### EXERCISE INSTRUCTIONS
Leave the pictures out and restate every line below exactly.
───── DATA ─────
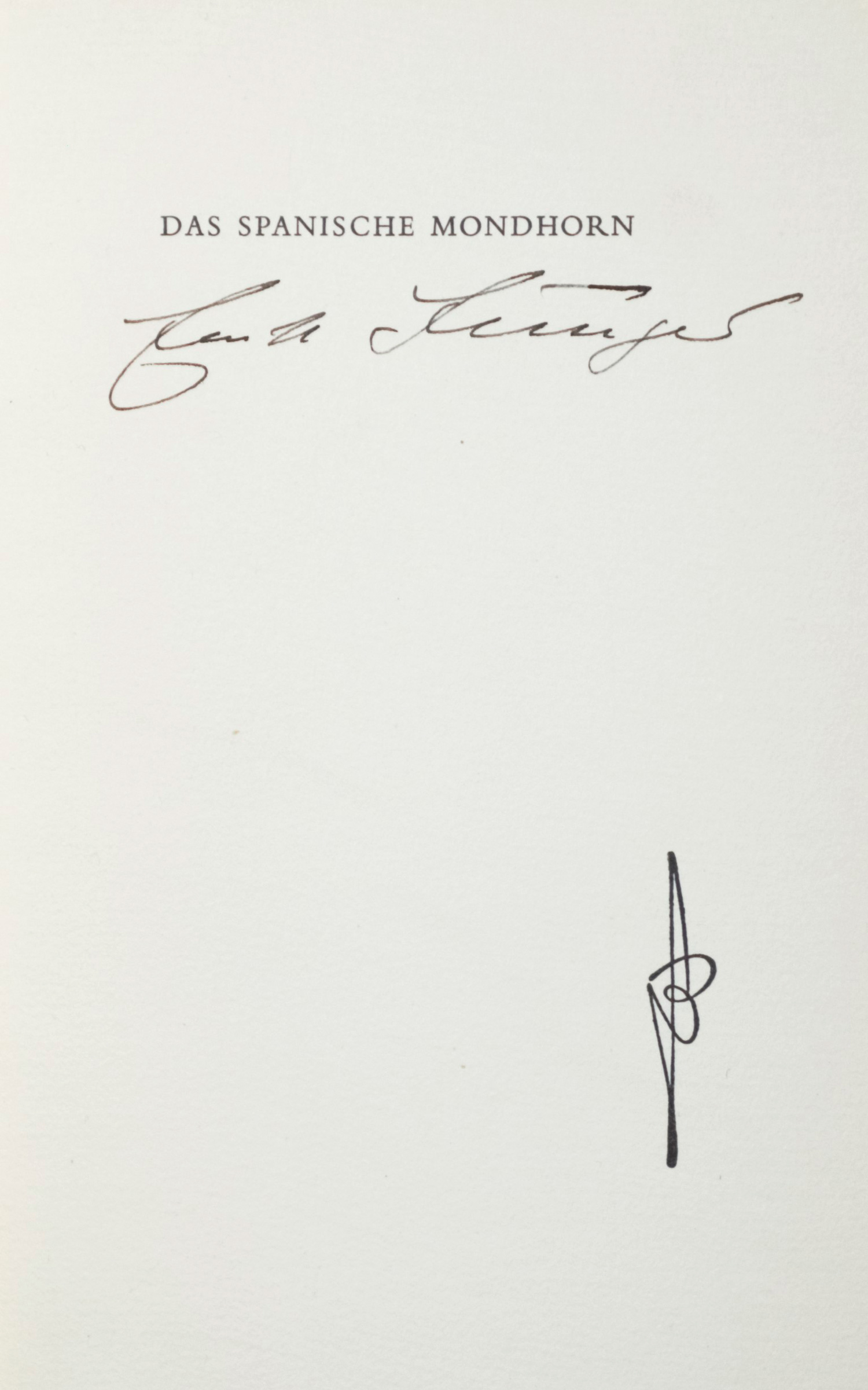 Jünger, Ernst. Das spanische Mondhorn. 55 S., 2 Bl. (1 w.). Mit einer Illustration ("Skarabäus mit Kugel") von Niklaus Stöcklin. 20 x 12 cm. Handgebundener gelber OHalbmaroquinband mit RVergoldung und KGoldschnitt. Im OPappschuber. Olten, Oltner Bücherfreunde, 1962.
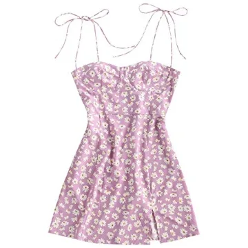 ZAFUL Women's Cherry Print Tie Shoulder Sleeveless Flare Beach Cami Mini Dress (Mauve, S)
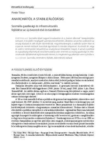 Anarchiától a stabilizálódásig : Szomália gazdasági és infrastrukturális fejlődése az új évezred első évtizedében.
─────
### RESPONSE
 Jünger, Ernst. Das spanische Mondhorn. 55 S., 2 Bl. (1 w.). Mit einer Illustration ("Skarabäus mit Kugel") von Niklaus Stöcklin. 20 x 12 cm. Handgebundener gelber OHalbmaroquinband mit RVergoldung und KGoldschnitt. Im OPappschuber. Olten, Oltner Bücherfreunde, 1962.
 ZAFUL Women's Cherry Print Tie Shoulder Sleeveless Flare Beach Cami Mini Dress (Mauve, S)
 Anarchiától a stabilizálódásig : Szomália gazdasági és infrastrukturális fejlődése az új évezred első évtizedében.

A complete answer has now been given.